AIM OF THE TASK: All the lines below need retyping exactly, apart from the images.

DATA SHOWN:
==========

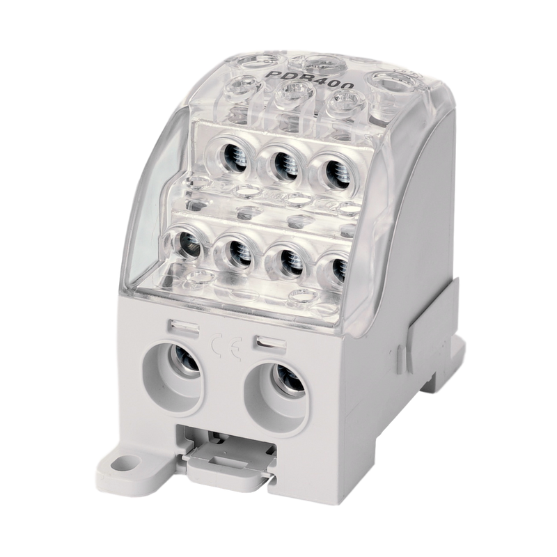 Description: Borne de distr. PDB400 1p 120, 2x35, 3x25, 4x16mm² Cu+Al grise
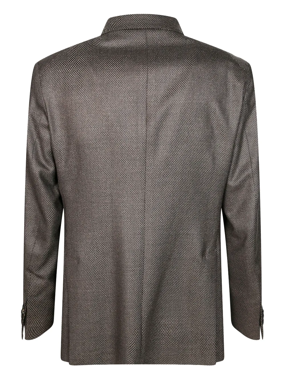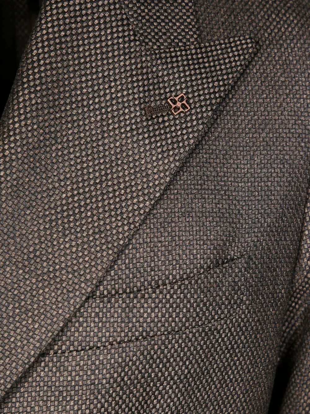 Коричневый пиджак с текстурным эффектом, лацканами с острыми концами, застежкой на пуговицы, нагрудным прорезным карманом
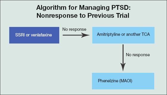 Figure 3. Evidence-based treatment of posttraumatic stress disorder (PTSD) begins with an SSRI or venlafaxine. If the patient does not respond, this medication is discontinued and the patient begins a trial of amitriptyline or another tricyclic antidepressant (TCA). If this fails to adequately control symptoms, changing to a monoamine oxidase inhibitor (MAOI), such as phenelzine, might improve the patient’s outcome.
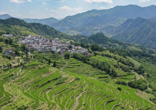 因岭边山坑村地势较高,常年气温相对较低,栽种中稻时间较晚,梯田中的秧苗在阳光的照耀下随风摇曳,长势喜人,一派生机勃勃的景象。从空中俯瞰,形状不一、浅绿深绿的梯田宛如绒毯一般铺满山间;蜿蜒曲折的田埂就像丝带一样缠绕着梯田,蔚为壮观。层层叠叠、高低错落的梯田与房屋、山峰、蓝天、白云构成一幅大自然的美丽画卷。

==========

WORKED SOLUTION:
 Description: Borne de distr. PDB400 1p 120, 2x35, 3x25, 4x16mm² Cu+Al grise
 Коричневый пиджак с текстурным эффектом, лацканами с острыми концами, застежкой на пуговицы, нагрудным прорезным карманом
 Figure 3. Evidence-based treatment of posttraumatic stress disorder (PTSD) begins with an SSRI or venlafaxine. If the patient does not respond, this medication is discontinued and the patient begins a trial of amitriptyline or another tricyclic antidepressant (TCA). If this fails to adequately control symptoms, changing to a monoamine oxidase inhibitor (MAOI), such as phenelzine, might improve the patient’s outcome.
 因岭边山坑村地势较高,常年气温相对较低,栽种中稻时间较晚,梯田中的秧苗在阳光的照耀下随风摇曳,长势喜人,一派生机勃勃的景象。从空中俯瞰,形状不一、浅绿深绿的梯田宛如绒毯一般铺满山间;蜿蜒曲折的田埂就像丝带一样缠绕着梯田,蔚为壮观。层层叠叠、高低错落的梯田与房屋、山峰、蓝天、白云构成一幅大自然的美丽画卷。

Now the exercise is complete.